Crossplane’s adoption will track Kubernetes platform team maturity. Organizations that have built strong K8s platforms find it natural; others are slower to adopt.
The “GitOps for infrastructure” pattern will keep getting clearer. ArgoCD-like continuous reconciliation for infrastructure (whether through Crossplane, Atlantis, Terraform Cloud’s run pipelines, or others) is the direction the operational practice is heading.
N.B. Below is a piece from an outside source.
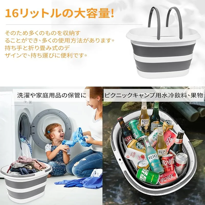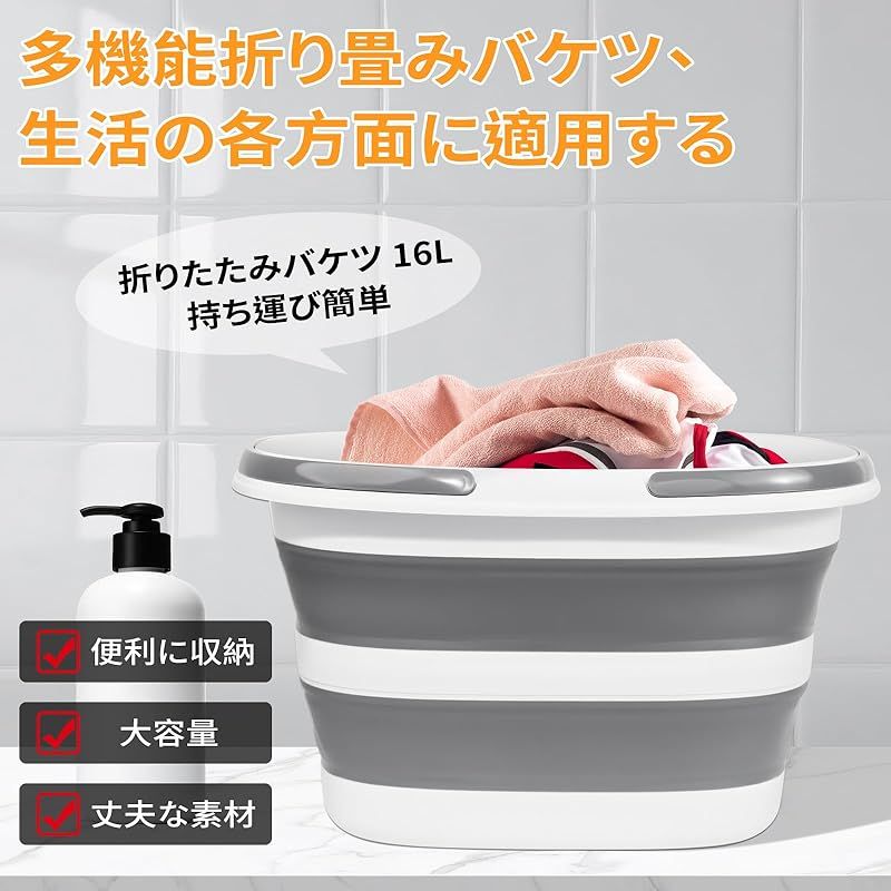 Vevesoas 折りたたみバケツ 洗い桶 16L 大容量 折りたたみ式 洗いおけ 収納便利 多機能バケツ 使用可能洗車、釣り用、園芸、掃除、足浴、猫犬風呂、釣り用バケツ、靴洗い 持ち運び 内外に適用 1

Cost visibility will be increasingly built into IaC tooling. Pulumi has shipped some of this; Terraform Cloud has cost estimation; expect more sophisticated cost-aware planning as the category matures.
Conclusion
Infrastructure as Code in 2021 is operational expectation rather than emerging practice. For most enterprises, the right pattern is to pick a primary tool (Terraform if multi-provider breadth and team familiarity matter; Pulumi if engineering-heavy and abstraction primitives matter; Crossplane if Kubernetes-native control plane matters), invest in the platform engineering disciplines that make it scale (modules, remote state, CI/CD integration, policy-as-code, testing), and resist the impulse to use multiple tools to chase narrow capabilities. The choice matters less than the discipline; the gap between organizations operating IaC well and those operating it ad hoc is the visible differentiator now.
References
Brikman, Y. (2019). Terraform: Up & Running, 2nd Edition. O’Reilly.
HashiCorp (2021). Terraform Documentation.
Pulumi (2021). Pulumi Cloud Engineering Platform.
Crossplane Project (2021). Crossplane 1.0 Documentation.
Morris, K. (2020). Infrastructure as Code, 2nd Edition. O’Reilly.